The proposed rule changes either (i) affect only the F&O and FX product 
categories or (ii) involve conforming or clarifying changes of general 
application (including the CDS product category) that will not 
significantly affect the rights or obligations of the Clearing House or 
clearing members.\26\ Accordingly, in either case, the proposed 
amendments should not have any effect on the competition in the CDS 
market. Moreover, any effects on competition would not be on securities 
and therefore ICE Clear Europe does not believe that the proposed rule 
changes would have any material impact or impose any material burden on 
competition that is inappropriate in furtherance of the purposes of the 
Act.
---------------------------------------------------------------------------

    \26\ Commission staff made clarifying edits to this sentence 
pursuant to a telephone conversation on January 30, 2014, among 
Geoffrey Goldman, Shearman & Sterling LLP; Gena Lai, Senior Special 
Counsel, SEC; and Justin Byrne, Attorney-Advisor, SEC.
---------------------------------------------------------------------------

    As noted above, most of the proposed changes are intended to 
address extreme loss scenarios with respect to the FX and F&O product 
categories, and not affect the ordinary securities clearing operation 
of the clearing house. As such, ICE Clear Europe does not believe the 
changes will reduce access by CDS clearing members to the clearing 
house.

[[Page 7257]]

ICE Clear Europe also does not believe the rule amendments will 
adversely affect the ability of market participants to continue to 
clear securities transactions or otherwise limit market participants' 
choices for clearing securities transactions. ICE Clear Europe expects 
that, in light of the PFMIs and applicable regulatory requirements in 
the U.S. and EU, other clearing organizations will similarly need to 
develop recovery and wind-down plans. The rule amendments are intended 
to provide a stronger framework for the clearing house to deal with 
extreme loss events in the FX and F&O product categories. By helping 
segregate losses in one of these product categories from another, and 
from the CDS product category, the amendments are designed to keep 
unaffected CDS clearing services in operation despite losses in another 
area. This should generally enhance the ability of market participants 
to continue to clear CDS products, and reduce the risk of failure of 
the clearing house (which would generally be expected to have an 
adverse impact on competition). To the extent market participants have 
greater certainty as to how extreme loss events in the F&O and FX 
categories would be handled by the clearing house, they may have 
greater confidence in clearing generally (including for CDS), which 
will also tend to enhance the stability and strength of the market for 
cleared securities products, consistent with the goals of the Act.
    With respect to those of the proposed amendments that do affect the 
CDS product category or CDS clearing members generally, such changes 
are in the nature of clarifying and conforming amendments that will not 
significantly affect the substantive rights or obligations of the 
Clearing House or clearing members in respect of CDS. As a result, ICE 
Clear Europe does not believe such changes would impose any burden on 
competition.
    For the foregoing reasons, ICE Clear Europe does not believe that 
the proposed amendments will impose any burden on competition not 
necessary or appropriate in furtherance of the purpose of the Act.

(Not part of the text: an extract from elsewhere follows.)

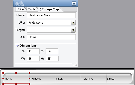 Click and drag to outline the area you wish to make a click able link. When you have finished outlining the image map shape, in the URL box, enter the path to the HTML page you want to link to. ImageReady automatically names the slice, which you can rename to something more descriptive, as shown below.
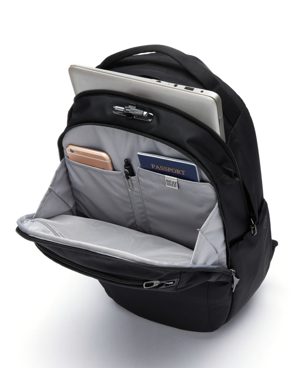 - Slashproof Carrysafe® strap is an adjustable backpack strap with flexible, lightweight intergrated wire

C. Self-Regulatory Organization's Statement on Comments on the Proposed 
Rule Change Received From Members, CDS Clearing Members or Others

    Written comments relating to the rule changes have been solicited 
from clearing members through a public consultation and as part of the 
clearing house governance process. ICE Clear Europe received various 
comments during this consultation and took such comments into account 
in making further modifications to the proposed rules. The rule changes 
also reflect discussions with the Bank of England. ICE Clear Europe 
will notify the Commission of any additional written comments received 
by ICE Clear Europe.

III. Date of Effectiveness of the Proposed Rule Change and Timing for 
Commission Action

    The foregoing rule change has become effective upon filing pursuant 
to Section 19(b)(3)(A)(iii) \27\ of the Act, and Rules 19b-4(f)(4)(i) 
and (ii) \28\ thereunder. At any time within 60 days of the filing of 
the proposed rule change, the Commission summarily may temporarily 
suspend such rule change if it appears to the Commission that such 
action is necessary or appropriate in the public interest, for the 
protection of investors, or otherwise in furtherance of the purposes of 
the Act.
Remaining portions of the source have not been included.